Syllabus : Modern machine learning heavily relies on optimization tools, typically to minimize the so called loss functions on training sets. The objective of this course is to cover the necessary theoretical results of convex optimization as well as the computational aspects. This course contains a fair amount of programming as all algorithms presented will be implemented and tested on real data. At the end of the course, students shall be able to decide what algorithm is the most adapted to the machine learning problem given the size of the data (number of samples, sparsity, dimension of each observation).         

Evaluation:   

Labs. 2-3 Labs with Jupyter graded (30% of the final grade).

Project. Implementation of solvers for a machine learning model. 30% of final grade.

Exam. 3h Exam (40% of the final grade). 

Detailed Program

1 Lecture [2.00 hours lecture + 1.50 hours exe, Robert] Foundations of convex optimization: gradient, sub-differential, strong convexity, conditioning. Examples with linear regression and logistic regression for which we compute gradients, Hessian, Lipchitz constants, etc. -Exercise list : Convexity and smoothness, Ridge regression and gradient descent

2 Lecture [2.00 hours lecture + 1.50 hours exe, Robert] First order algorithms: gradient descent, proximal operator, proximal gradient descent, convergence proofs in the smooth and smooth + strongly convex case. Give exercises. -Exercise list : Proximal Operator

3 Lab [3.50 hours Lab Robert + Alex + TAs] Lab (grad + prox grad) in jupyter notebooks. Lab to be graded. -Lab1.ipynb

4 Lecture [2.0 hours lecture + 1.50 hours exe, Robert] Stochastic algorithms, SGD, with and without moment convex, strongly convex, with proofs. -Exercise list : SGD and CD for ridge regression

5 Lecture [1.50 hours lecture + 2.0 hours Lab, Robert] Stochastic variance reduced methods (SAGA, SVRG) with numerical tricks: lazy updating, sparse tricks. - Lab SGD + variants (not graded) -Exercise list : Variance reduction

6 Lab [3.50 hours Lab Robert + Alex + TAs] Lab on all methods seen so far (GD, prox GD, Fast prox GD, SGD, SAG, SVRG, SDCA). Lab to be graded -Lab2.ipynb

7 Lecture [2 hour + 1.50 hours Lab, Robert] Online variance reduction and scale invariant methods (Natural gradient descent, ADagrad, Adam, randomized Newton)

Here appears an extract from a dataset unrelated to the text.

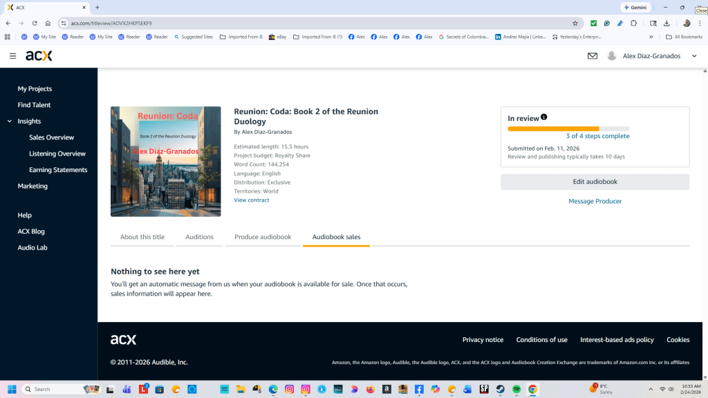On the creative front, though, the weather isn’t the only thing brightening my day. This morning brought a genuine jolt of excitement: real, tangible progress on the audiobook QA review for Reunion: Coda. At 8 AM, ACX cleared the metadata review—no hiccups, no curveballs. An hour later, the audio files passed their inspection with flying colors. Now only the final check remains between my debut novel and its Audible debut. If I sound a little extra caffeinated, that’s why.

8 Lecture [3.5 hours, Alex] Part I: Coordinate descent algorithms + Lab: coordinate descent implementation on logistic and ridge + Project introduction

9 Lecture [1 hour + 2.5 hours Lab, Alex] Solvers for quadratic functions (SVD, woodbury matrix inversion lemma), conjuguate gradient (dense vs sparse data). Line search methods.

10 Lecture [2 hours + 1.5 hours Lab, Alex] Second order methods: Newton, Quasi-Newton (BFGS, L-BFGS). Illustrate convergence problem of Newton, initialisation, construction of BFGS et L-BFGS.

11 Lecture [3.5 hours, Alex] non-convex and beyond convexity (adaptive Lasso / SCAD), Frank-Wolfe.

Additional Books and resources

Book 1. Boyd & Vandenberghe: Convex Optimization. Chapters 2, 3 and 4 for a revision on convexity and chapter 9 for a revision on unconstrained optimization. Freely available here

Book 2. Shalev-Shwartz & Ben-David: Understanding Machine Learning, from Theory to Algorithms. Chapters 1 and 2 for a frequentist introduction to Machine Learning. Freely available here.

Book 3. Bubeck: Convex Optimization: Algorithms and Complexity. Chapter 6 for additional proofs for stochastic gradient methods including SGD and SVRG. Freely available here.

Paper 1. Amir Beck and Marc Teboulle (2009), SIAM J. Imaging Sciences, A Fast Iterative Shrinkage-Thresholding Algorithm for Linear Inverse Problems. Freely available here.

Paper 2. RMG et all (2019), Proceedings of Machine Learning Research, Volume 97, SGD: general analysis and improved rates freely available here.